Comprehensive Summary
Immune checkpoint inhibition (ICI) is a form of cancer immunotherapy which has previously been relatively unsuccessful in treating sarcomas. To investigate the impact of transposable elements (TEs) on ICI treatment in sarcomas, Nacev et al. collected DNA and RNA data from clinical biopsy samples before treatment and on-treatment. After DNA and RNA purification and sequencing, several algorithms were used to identify genomic features which differed between immune types. Statistical methods were then employed to compare and validate their findings. Their computational methods clustered two genetic groups which they termed “immune depleted” and “immune enhanced”. These two groups were significantly correlated with existing sarcoma immune classes (SIC). These two groups and their analogous SICs had significantly differing progression-free survival (PFS) and objective response rates (ORR) to the ICI immunotherapy.

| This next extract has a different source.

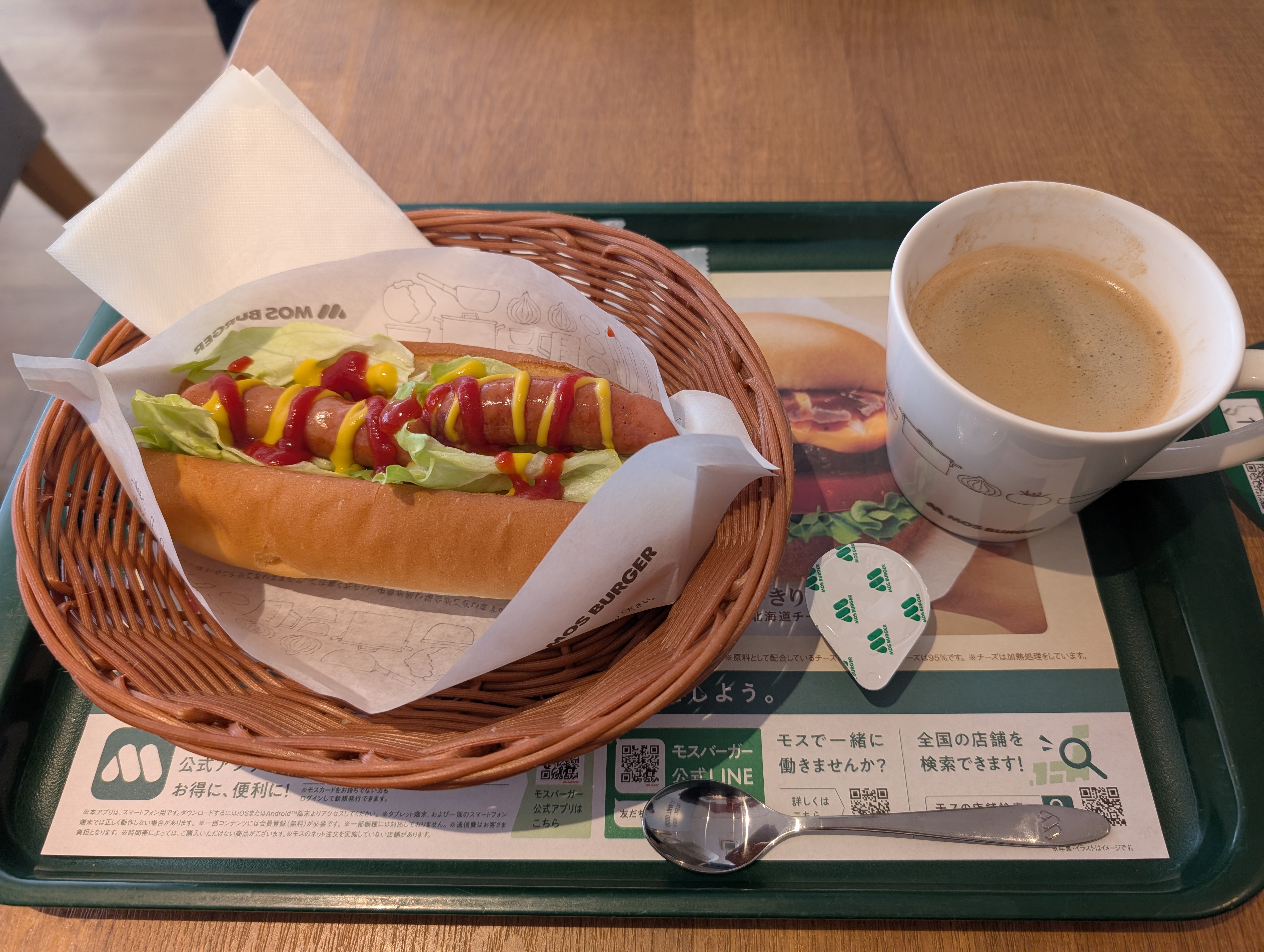 モスバーガーでモーニングしました。朝🌄10時30分までです。平日限定じゃないのが嬉しい!!写真のセットは税込440円です。コーヒーは2杯めが120円になります。1枚目のレシートを店員さんに見せればOK。お店には、新聞📰が設置してあり、自由に閲覧できます。こういうお店、いいですね~!!500円のジェフグルメカードを金券ショップで事前に470円で購入していたため、実質410円+dポイントが4ポイント貯まりました。最近、モスバーガーはインターネットサービスがなくなり、「d-WiFi」利用を勧めています。そのため、d-WiFiを利用させてもらっています!!便利ですよ〜!!モスバーガーは、コンセント設置のお店もあり、充電も可能です。昨日は、雪❄⛄️模様の天候だったから、コインランドリーをまわしながら、モスバーガーでワイワイセットをアプリのクーポンで購入し、店設置の読売新聞🗞️を読んで過ごしました〜。

Further use of machine learning allowed the researchers to identify a potentially predictive value of TEs and immune type (how the person’s immune system may respond to immunotherapy).
Outcomes and Implications
This research studies the poorly understood cause of anti-tumor immunity in sarcomas. It precedes much further research into other potential biomarkers for ICI response and the improvement of ICI-based immunotherapy. Despite its initial training involving six TEs, the machine learning model has potential to be useful in patient selection for future immunotherapy clinical trials. Further research must be done to solidify the predictive capability of the TE biomarkers for immune response. However, the consideration of these new biomarkers is useful in ICI clinical trial design going forward.